Last month Georgia HB 244 was signed into law. Among other things, it changes Georgia special elections. In the past, all Georgia special elections were non-partisan, even if the office is normally partisan (such as Congress or state legislature). All candidates in Georgia special elections qualify with no petition; they just pay the filing fee. Under HB 244, ballot access procedures remain the same for special elections, but now every candidate will be free to choose a partisan label to be printed on the ballot next to his or her name.
On Sunday, May 15, the Alaska legislature passed HB 94 in special session. However, the only ballot access improvement the bill makes is that it adds procedures for independent presidential candidates. Now Arkansas is the only state without such procedures.
HB 94 does not make it easier for a party to remain on the ballot. Therefore, Alaska still has the same irrational law that it passed in 2004. The law says a party can remain on if it has registration of 3% of the last vote cast, or if it polls 3% for Governor in gubernatorial election years, and 3% for US Senate in non-gubernatorial years. If US Senate isn’t up in non-gubernatorial years, then the US House vote is used.
This is an irrational law. The registration part of the law causes the requirement to fluctuate wildly between 6,500 registrants and 9,200 registrants, depending on whether the test if being applied before a presidential election year or a gubernatorial election year.
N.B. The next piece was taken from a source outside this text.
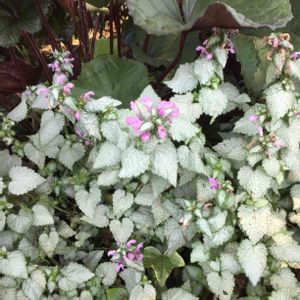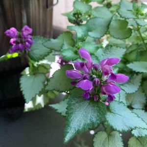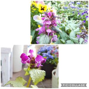 ラミウム 上、シルバーリーフ(花壇) 下、ホワイトリーフ(鉢) どちらも似たような色の花でした💜 花を見て、ラミウム、さらに好きになりました😊 寄せ植えなどで生かせてあげれなくて残念です。

And the vote test is irrational because it lets a party meet the vote test with a good showing for US Senate in presidential years, but not in gubernatorial years.
On April 13, the Action Committee of the Oregon League of Women Voters withdrew its support for HB 2614. HB 2614 makes it illegal for voters who are registered party members to sign a petition for independent candidates. 75% of Oregon’s registered voters are members of a party, so this bill would make it virtually impossible for an independent to qualify in Oregon. Already, Oregon’s independent petition is more difficult than the independent candidate petition of the average state.
David Cobb (2004 Green Party presidential nominee) and Michael Badnarik (2004 Libertarian presidential nominee) filed for a recount of Ohio’s presidential vote last year. Although a recount was done, it appears to have been done improperly. Cobb and the Kerry-Edwards Campaign filed a lawsuit to have it done properly. On May 10, the federal judge hearing the case transferred it from the southern district courthouse in Columbus, to the northern district courthouse in Toledo.
In the meantime, HB 3 is moving forward in the Ohio legislature. It would raise the fee for a recount from $10 per precinct to $50 per precinct. The bill, which does many other things as well, passed the House Elections Committee on May 11.
On May 12, supporters of Donna Frye, the write-in candidate for Mayor of San Diego last November, withdrew their lawsuit over whether all of her write-ins should be tallied. The issue was those write-ins in which the voter wrote her in, but forgot to “x” the box next to the write-in line. The Frye voters withdrew their lawsuit because there will be a special election for Mayor on July 26, 2005 anyway. Also, it is now likely that the California legislature will pass a bill to legalize that type of write-in vote. Bills to do that have each passed in the house of origin. They are AB 43 and SB 1050. Since the bills are not identical, one of them still must pass the other house. Withdrawing the Frye lawsuit makes it even more likely that one of the bills will be signed into law.
On May 12, the Missouri legislature passed HB 525, which (among other things) gives a newly-qualifying party the flexibility to decide whether to run a presidential candidate after it gets on the ballot. The old law required it to list candidates for presidential elector on its petition, which meant that it had to make a decision about whether to run such candidates before it started its petition drove.